### [Supplied material]
* * *

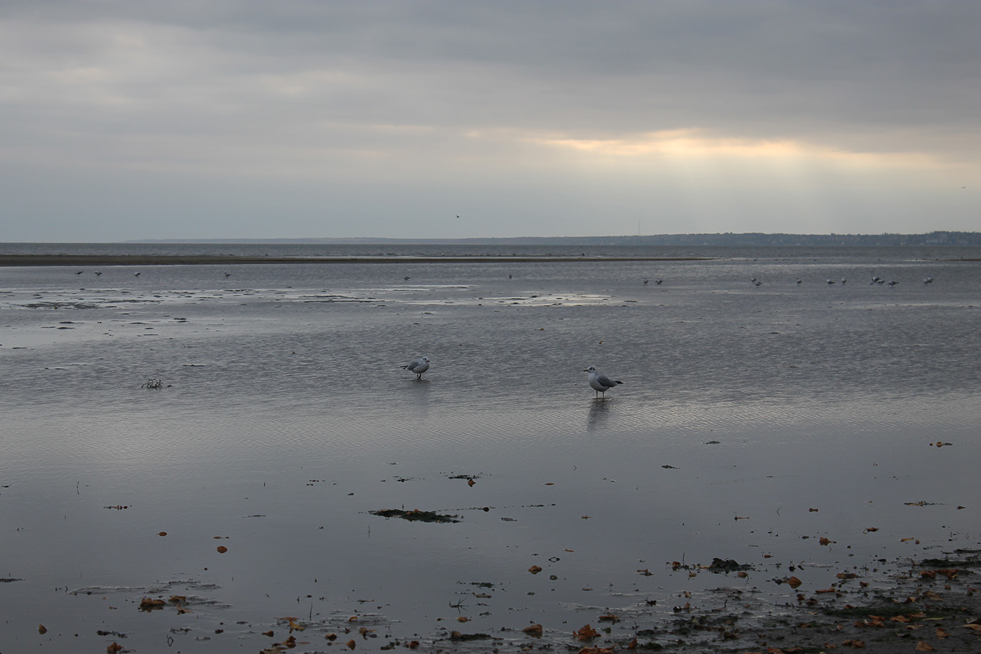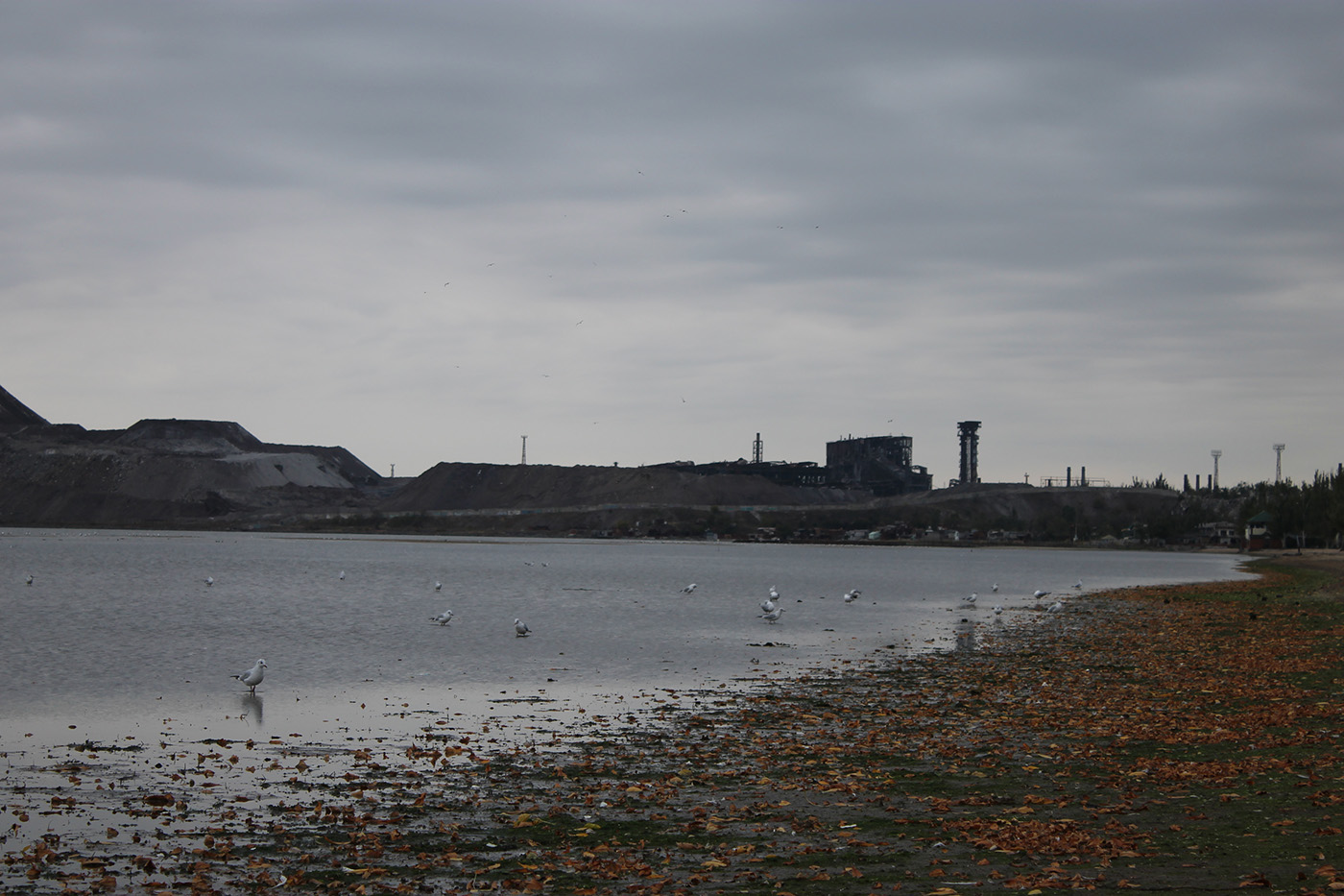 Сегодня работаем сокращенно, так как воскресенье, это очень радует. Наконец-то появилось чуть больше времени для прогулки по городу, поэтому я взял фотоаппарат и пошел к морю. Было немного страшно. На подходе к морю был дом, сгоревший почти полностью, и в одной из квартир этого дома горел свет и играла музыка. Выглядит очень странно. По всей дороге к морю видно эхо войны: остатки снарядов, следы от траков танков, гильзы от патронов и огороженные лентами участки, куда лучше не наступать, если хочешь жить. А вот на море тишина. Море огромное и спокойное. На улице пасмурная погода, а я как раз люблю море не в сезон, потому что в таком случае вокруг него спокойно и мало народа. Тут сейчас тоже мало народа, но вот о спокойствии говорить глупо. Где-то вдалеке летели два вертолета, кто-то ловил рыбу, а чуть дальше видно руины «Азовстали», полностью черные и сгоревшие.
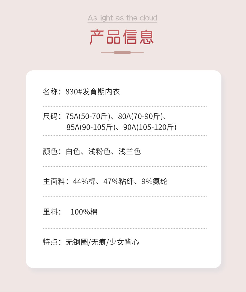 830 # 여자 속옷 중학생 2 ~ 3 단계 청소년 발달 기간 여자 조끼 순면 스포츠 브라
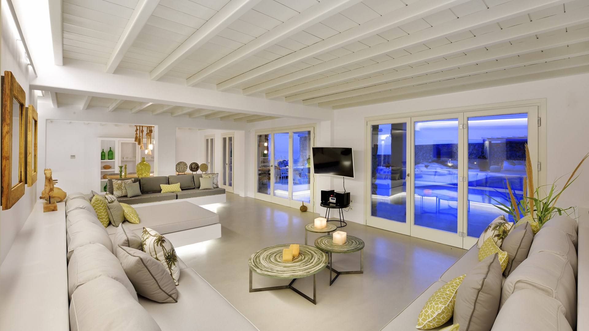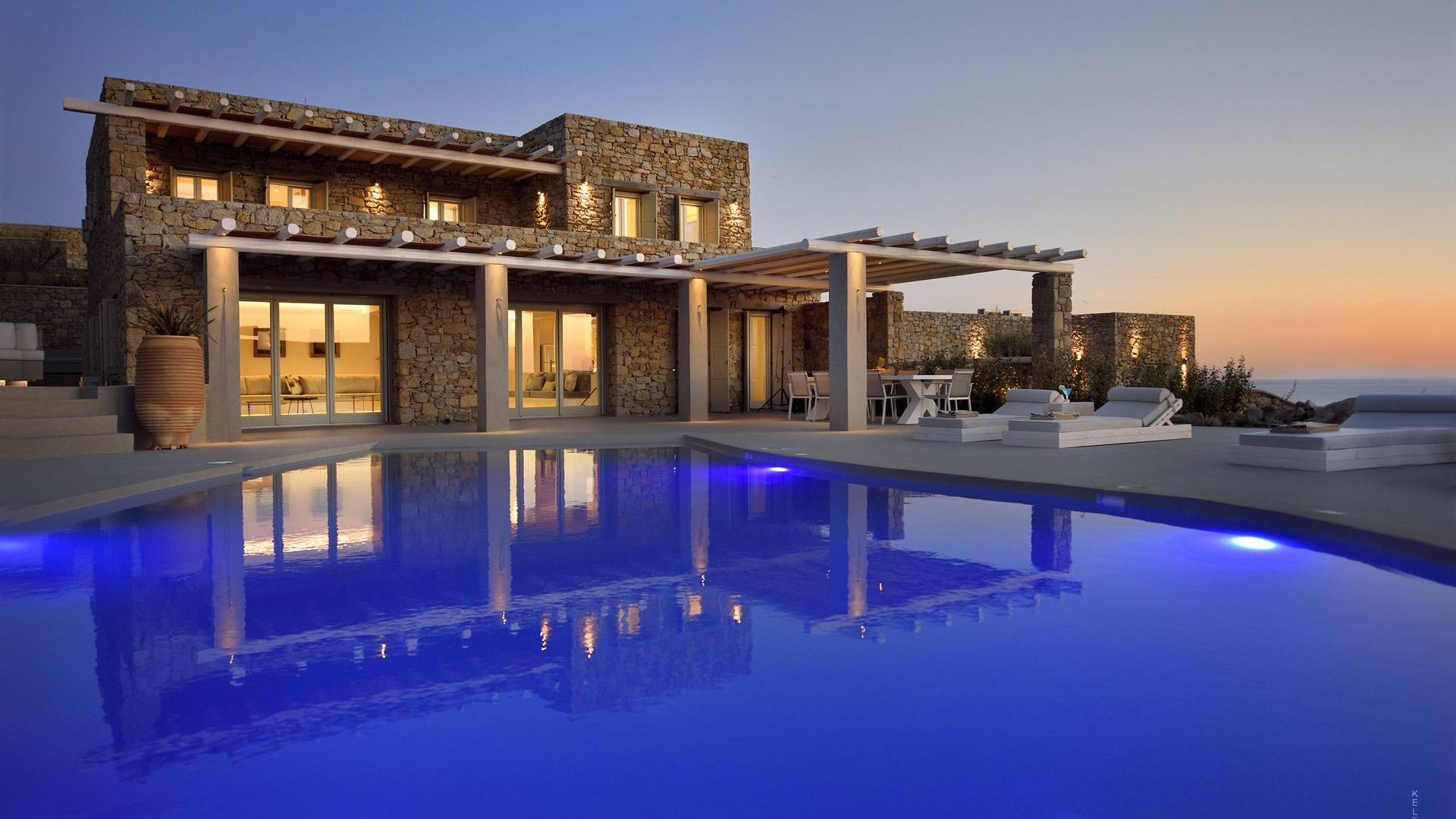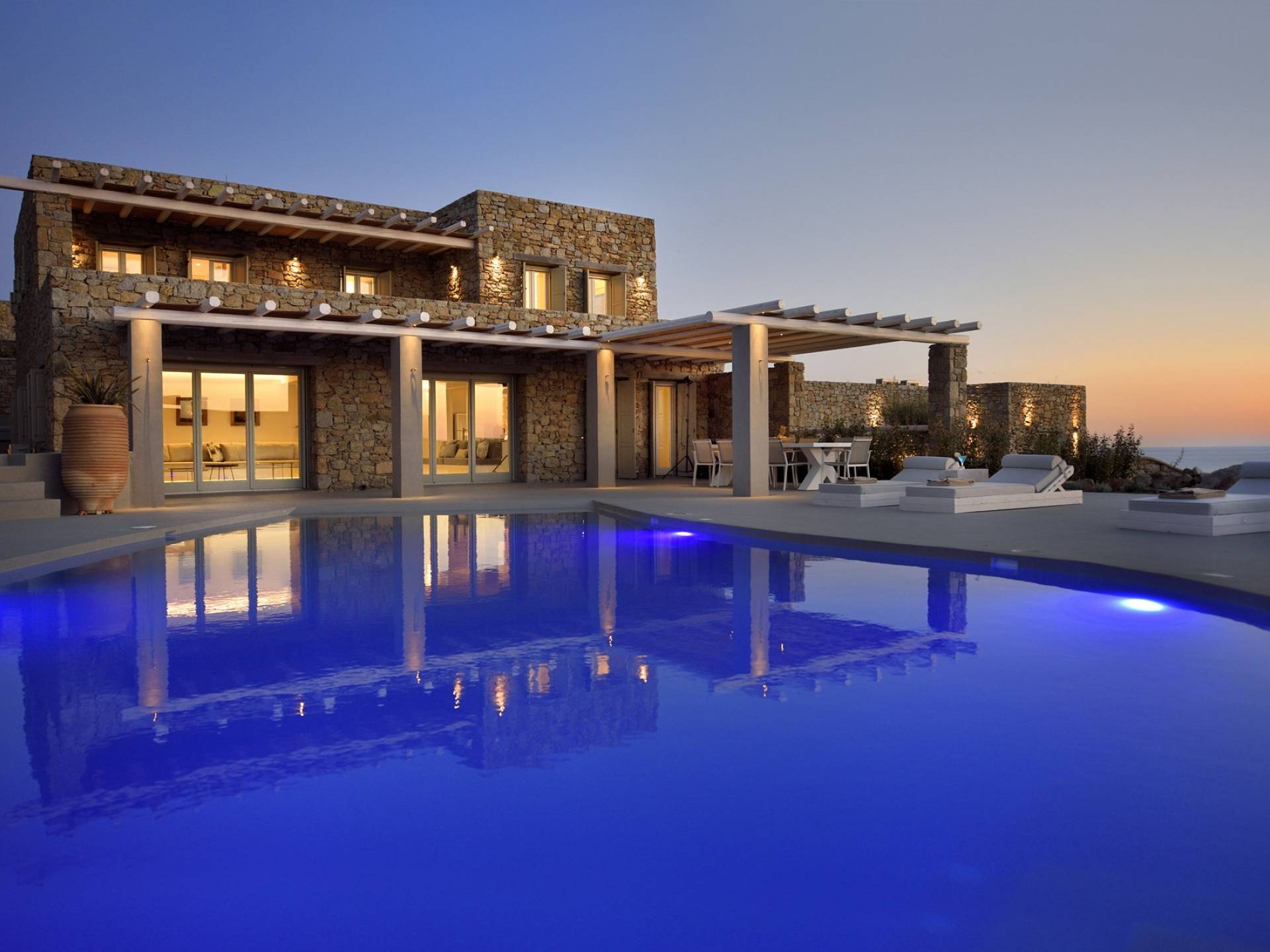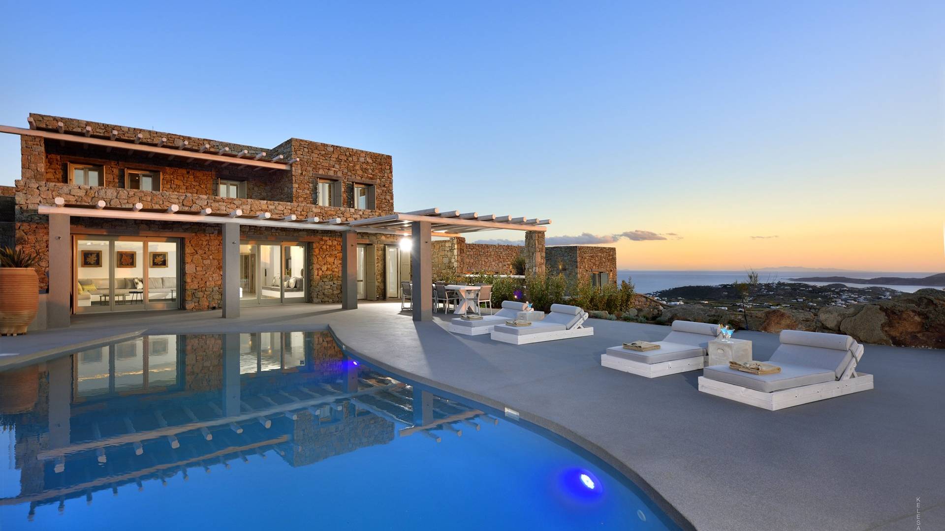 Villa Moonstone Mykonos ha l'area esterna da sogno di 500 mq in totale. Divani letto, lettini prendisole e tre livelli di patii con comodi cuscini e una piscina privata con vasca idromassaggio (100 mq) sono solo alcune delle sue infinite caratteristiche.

* * *

### [What the task asks]
Once the line containing "830 # 여자 속옷" has been found, write out exactly that line and each one after it through the end of the data, leaving out every picture.

### [Result]
 830 # 여자 속옷 중학생 2 ~ 3 단계 청소년 발달 기간 여자 조끼 순면 스포츠 브라
 Villa Moonstone Mykonos ha l'area esterna da sogno di 500 mq in totale. Divani letto, lettini prendisole e tre livelli di patii con comodi cuscini e una piscina privata con vasca idromassaggio (100 mq) sono solo alcune delle sue infinite caratteristiche.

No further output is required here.